Here is where it gets interesting. The fastest way to get robotics to kitchens is to make them use pre-processed foodstuffs. Fast food restaurants are ideal for this type of machine since a menu is very limited, all food sources are tightly controlled, and patrons are assured consistency in product and delivery. The tireless machines don’t take breaks, demand wages, and cost as much as people do to hire, and this is what drives businesses. Eventually, there will be cost equity, then enhanced profits by eliminating those pesky humans.

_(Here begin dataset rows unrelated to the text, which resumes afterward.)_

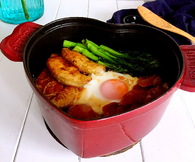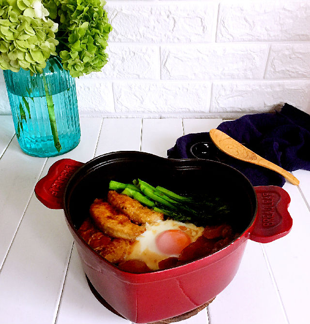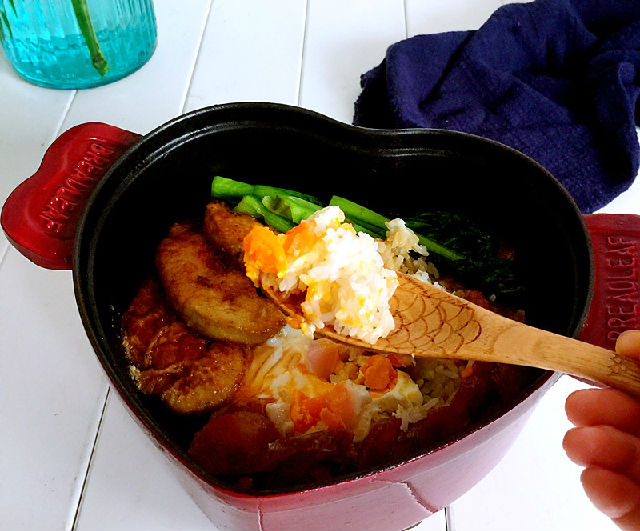 9、再把煎好的鵝肝放在米飯上,再加入一個(gè)雞蛋,繼續(xù)用小火燜煮5分鐘左右
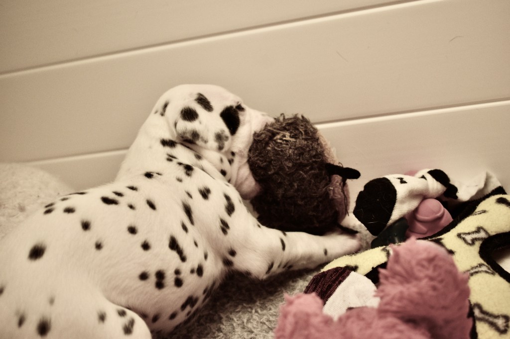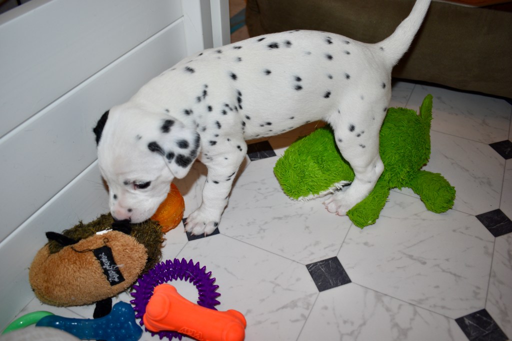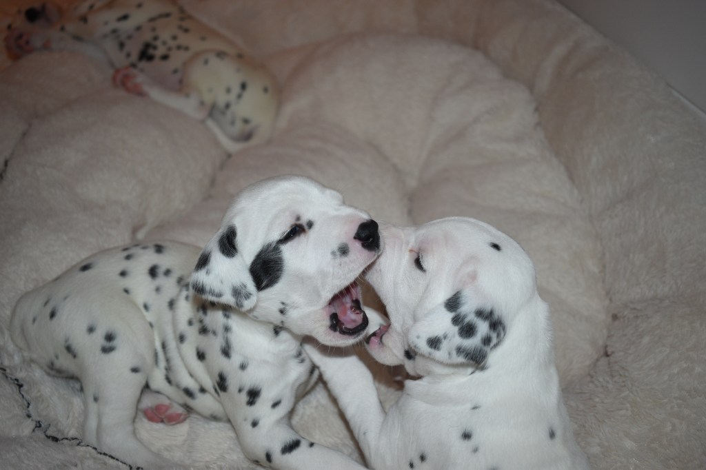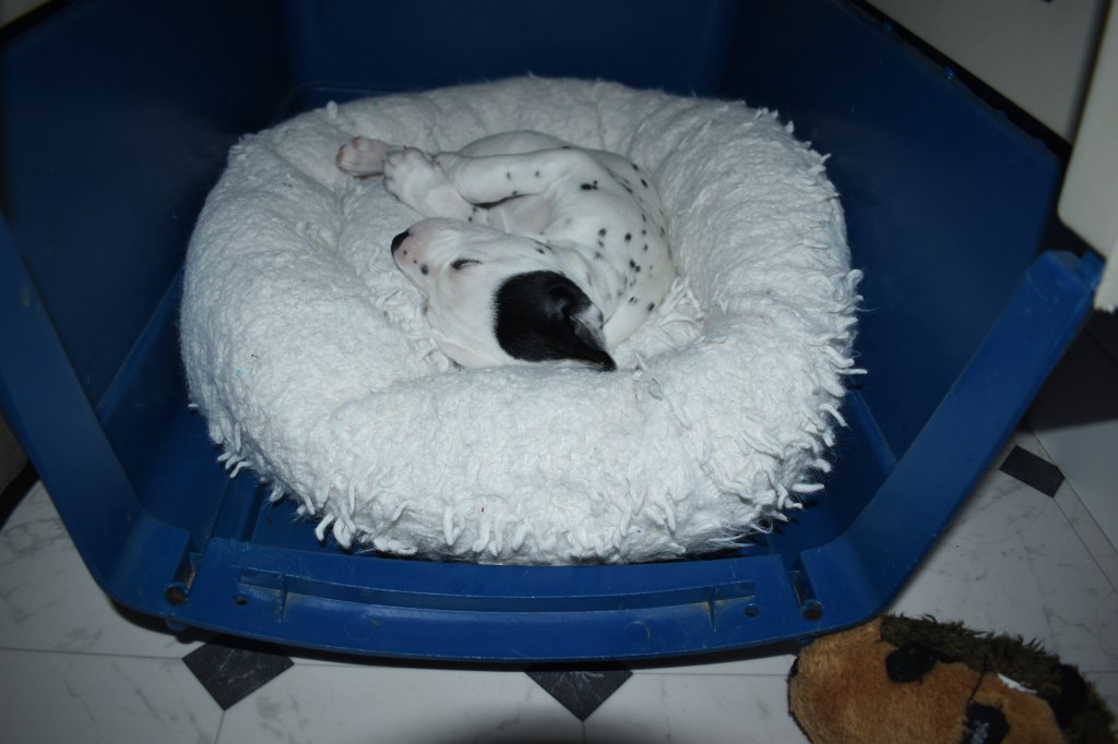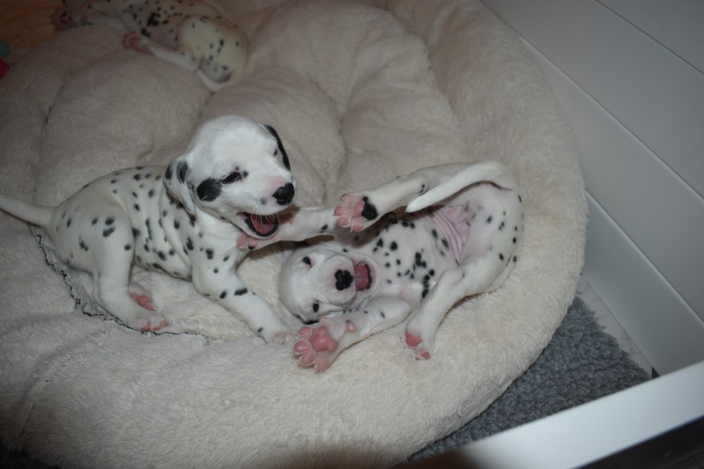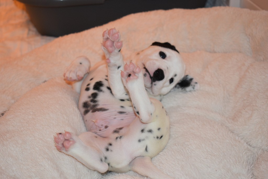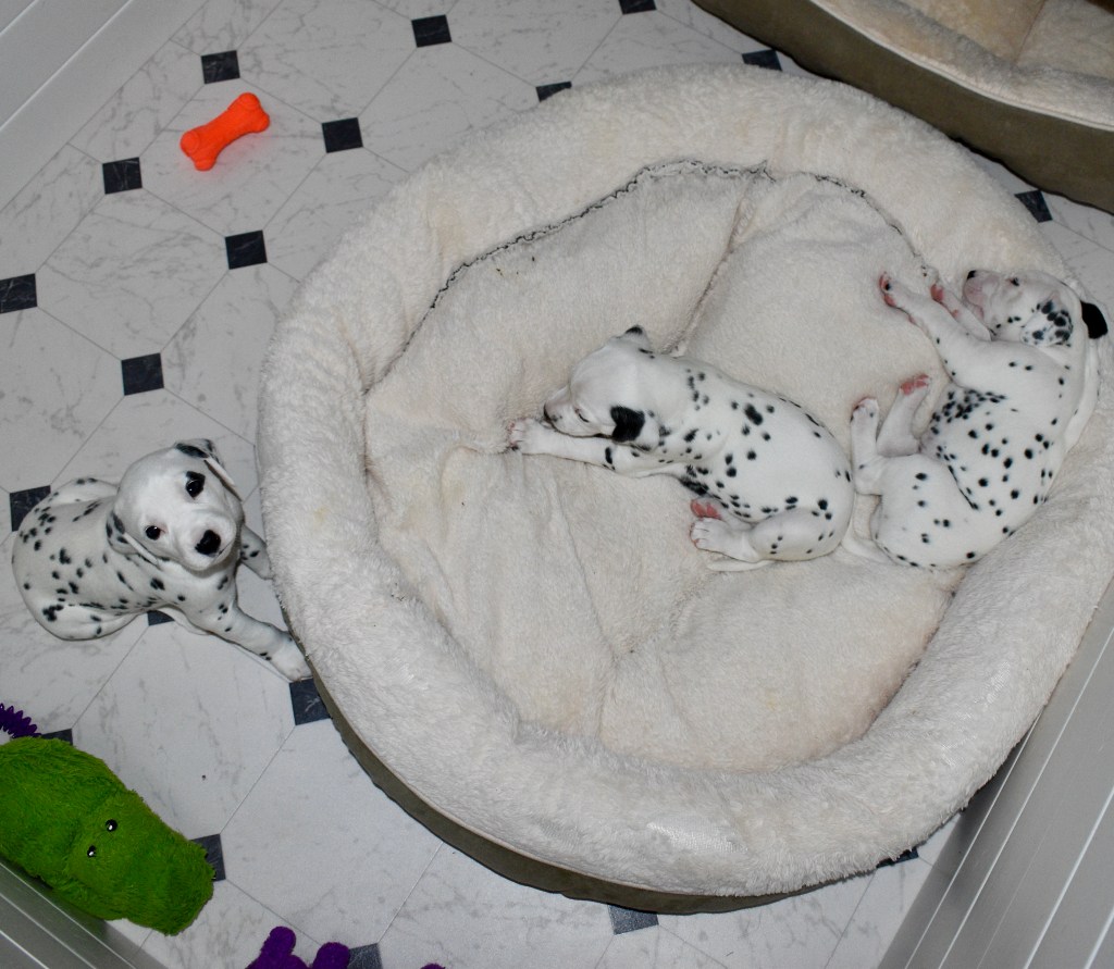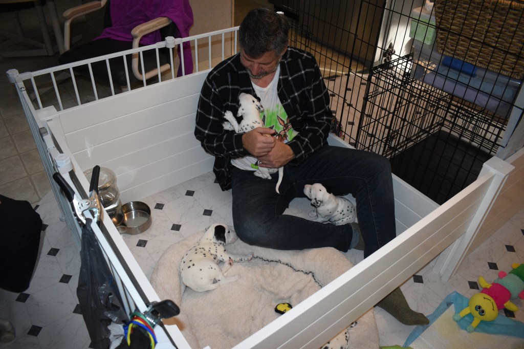 Since this was a major change to our world, we didn’t do anything new today. We did play a lot and even ate 2 full meals of puppy food. Other than the puppy food, mom fed us too. She said that we have to wean slowly because she will continue to produce however much milk is needed and it is best to transfer slowly.
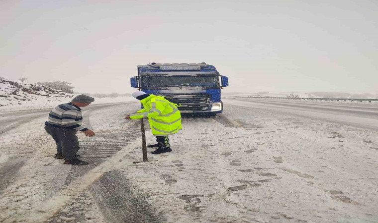 Bingöl’de etkili olan kar yağışı sonrası yolda kalan sürücülerin imdadına polis ekipleri yetişti.
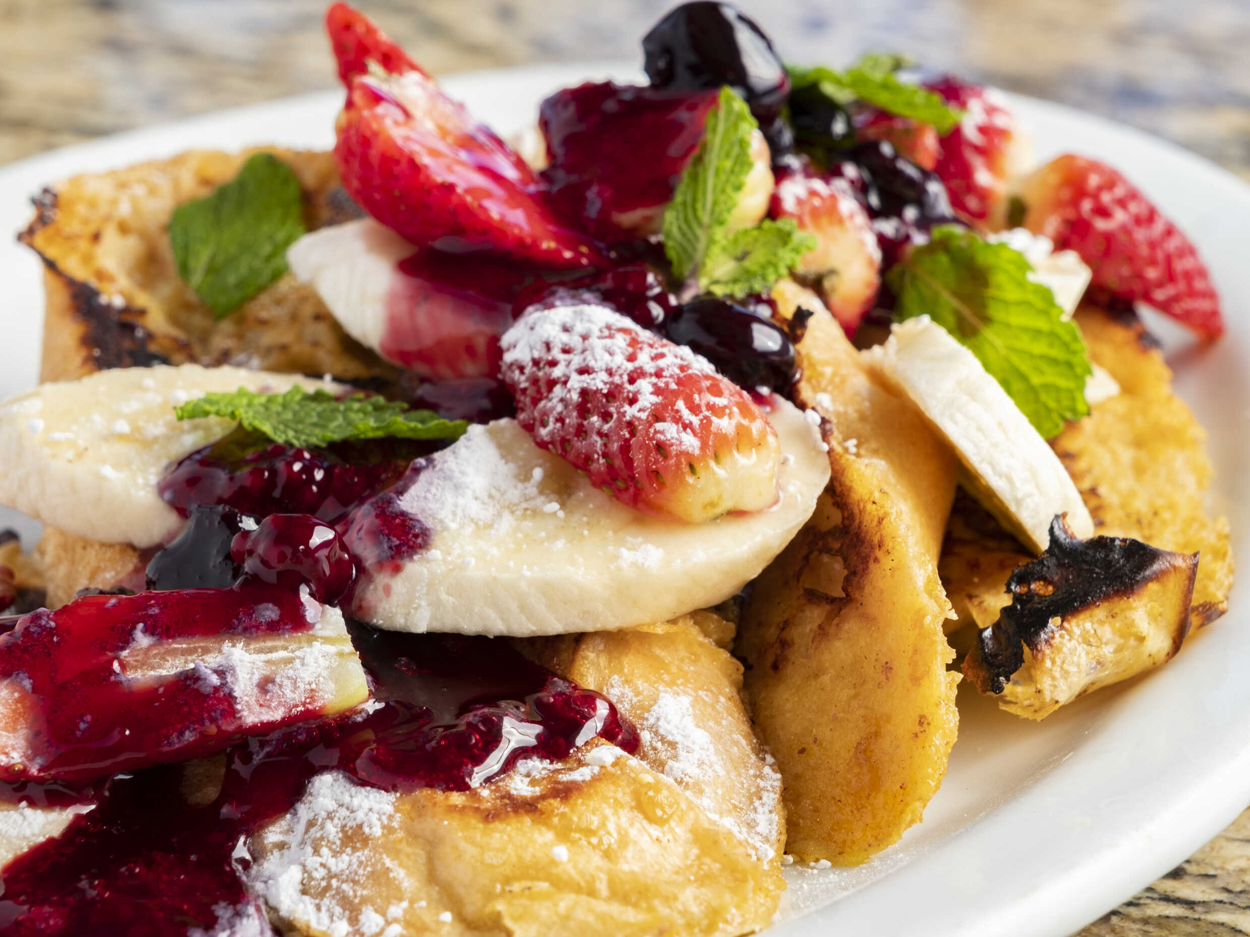 3 Tostadas perfectamente doradas y aromatizadas con canela y vainilla, Acompañada de Fruta fresca ( Banano y Fresa), cubiertas con una salsa artesanal de frutos rojos.
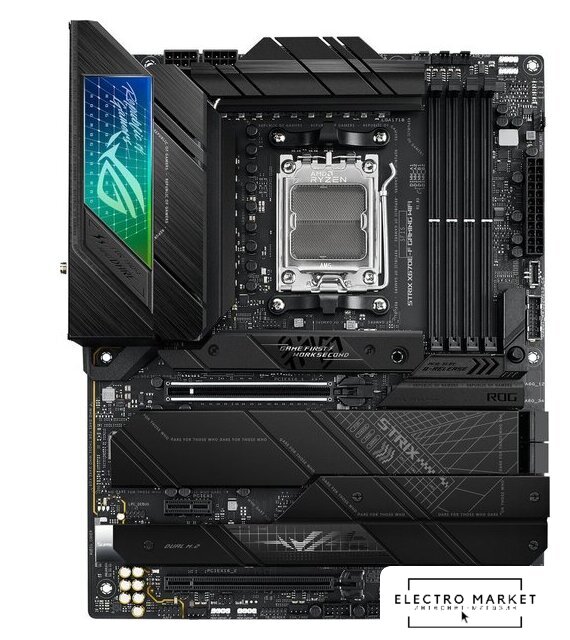 ATX, сокет AMD AM5, чипсет AMD X870, память 4xDDR5 до 8000 МГц, слоты: 2xPCIe x16 5.0, 6xM.2, 802.11be (Wi-Fi 7)+Bluetooth 5.4, 16+2+2 фаз питания
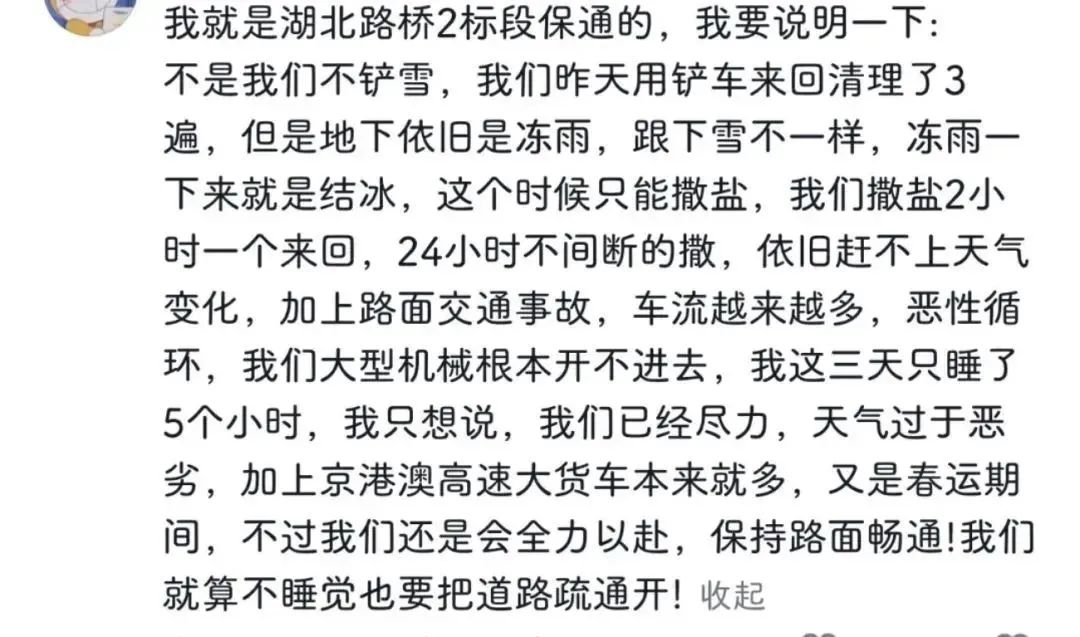 (路桥系统的网友评论 图源:长江云新闻)由此可见,冻雨带来的严重交通基础设施损害,需要持续的人工维护和运转、昼夜不间断的努力,才能够确保交通的恢复。据新华网等官方媒体报道,许多湖北本地居民自愿充当志愿者,为受困于高铁的返乡者们送去食物,有的旅客甚至主动承担起道路铲雪的工作。青年瞭望者采访到湖北的李先生,他描述道当时路面的积雪连铲车都铲不动,多亏大家自发动员志愿者们连夜人工铲冰,才使得道路得以通行。
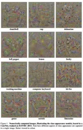 为目标函数,不断迭代I,直至收敛到最大值点。在这里加入L2正则项的原因是为了防止图像I的像素值一味增大忽略任务的要求。在训练完成之后,会得到每个类别的显著图,如下:
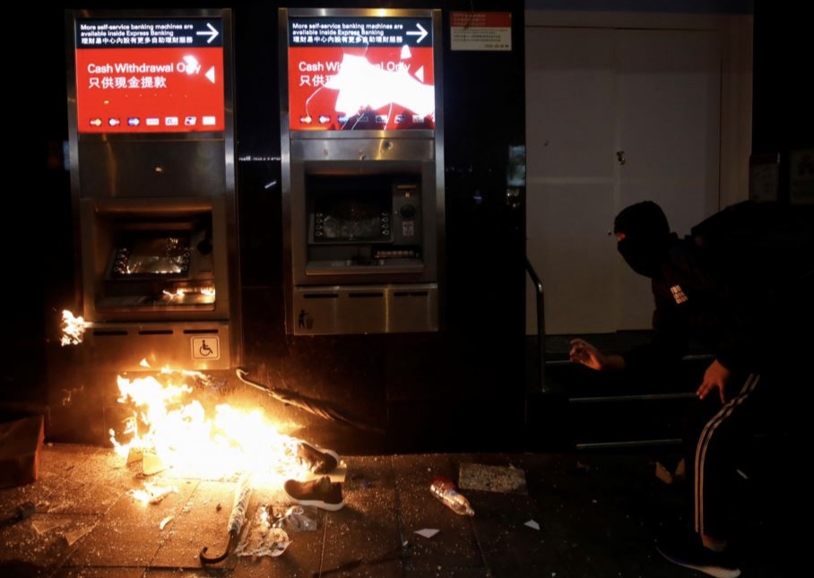 民阵游行演变成纵火破坏,滙丰银行总行外的狮子像及湾仔、中环多间分行被破坏纵火。滙丰银行发表声明,强烈谴责近日接连破坏该行服务及相关设施的不当及无理行为,个别自动柜员机及银行设施,因此需要暂时停止服务。
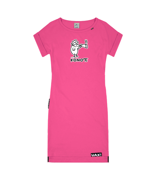 If you're looking for a comfortable women's dress that fits every figure, you've come to the right place. BASIC dresses are picked out to the smallest detail. They have a straight looser cut also in the upper part, so you don't have to worry about sweating in them in the summer. A soft cotton trim is sewn around the neck, decorated with a small woven UAX label. The Folded sleeves on the dress are also looser in the armpits. The dress has deep pockets sewn on both sides, which can reliably fit small items or a larger smartphone. The back part of the dress is extended, the front part is shorter. The dress has slits on the sides and a printed UAX cotton label sewn on the front. Any print can be printed on the dress. Please refer to the size charts when estimating sizes. We sew these CUSTOM dresses only after the order is created, just in time, tailored to you. Choose from 34 color combinations and more than 400 prints.
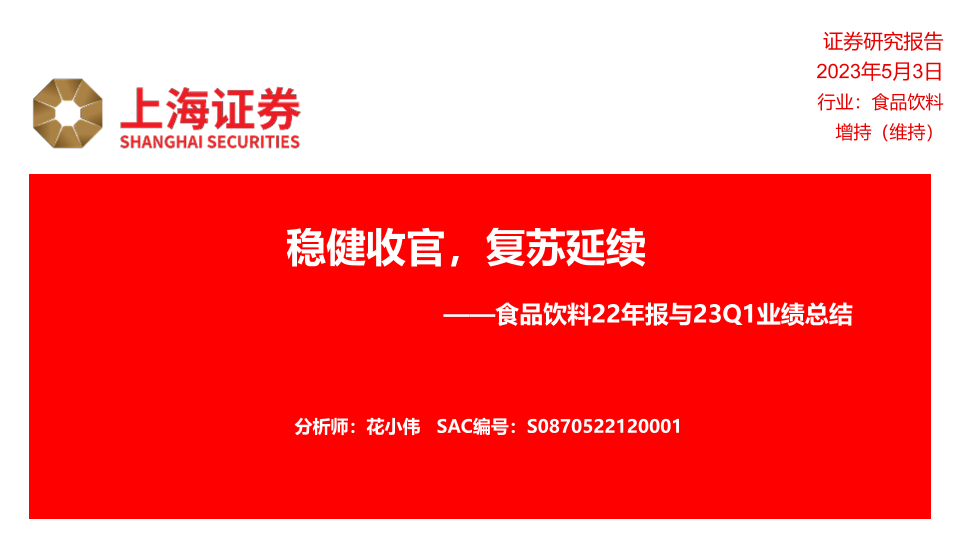 【上海证券】【20230503】食品饮料22年报与23Q1业绩总结:稳健收官,复苏延续-17页
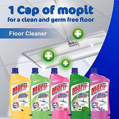 The new advanced formulation cleans and disinfects the floor. It also deposits a protective layer over the surface that make subsequent cleaning very easy and adds shine to the surfaces. The jasmine fragrance blooms while mopping and adds freshness. MOPIT is non corrosive, non toxic, eco friendly and is very safe to use.
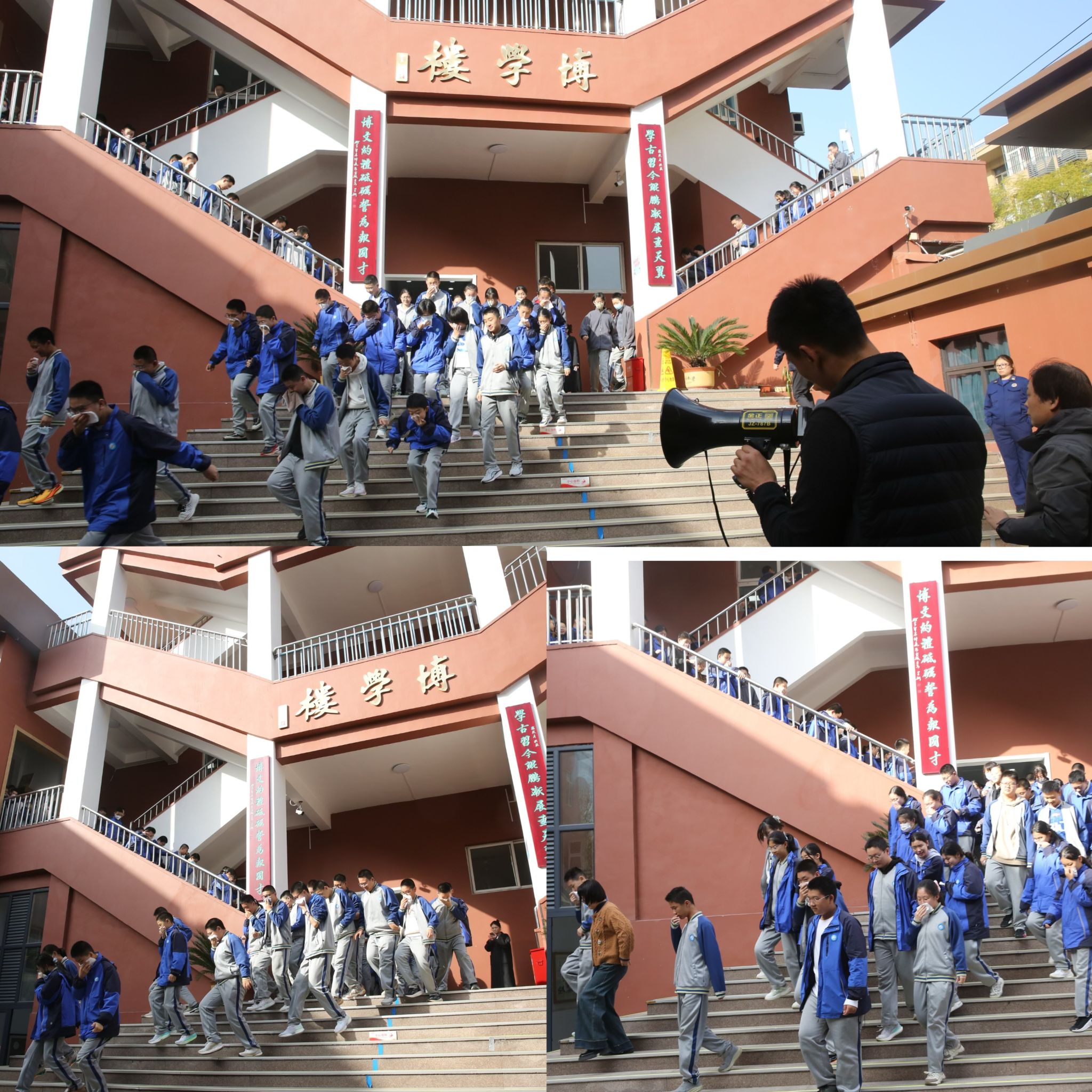 急促的消防警报声划破校园宁静,演练正式启动。班主任迅速指引学生用湿毛巾捂住口鼻,弯腰低姿沿既定路线撤离,楼道值守教职工有序疏导,全校师生默契配合、行动迅速,仅用1分54秒便全部安全集结至操场,全程秩序井然,充分体现了同学们良好的安全意识和应急逃生能力。

Once loaded up like a modern day chip shooter used in electronic assembly fabrications, the chef robots will keep things at safe temperatures, portion ingredients, mix, cook exactly as instructed, prepare and possibly even serve the meal. No human hands, no skin cells, no sneezing waiter—you get the picture. A restaurant with this technology will be swamped if a severe flu or outbreak occurs.
Long-Distance View
Eventually, it may be possible to use molecular clustering to synthesize raw foodstuffs. Like an organic 3-D printer on a molecular level, simple and complex compounds can be fabricated on demand and even include chemical compounds like medications.
Once this level of technology exists, the term robot won’t apply anymore since it won’t resemble what we today consider a robot to be. It would more likely resemble a synthesizer or replicator. Bon appetit.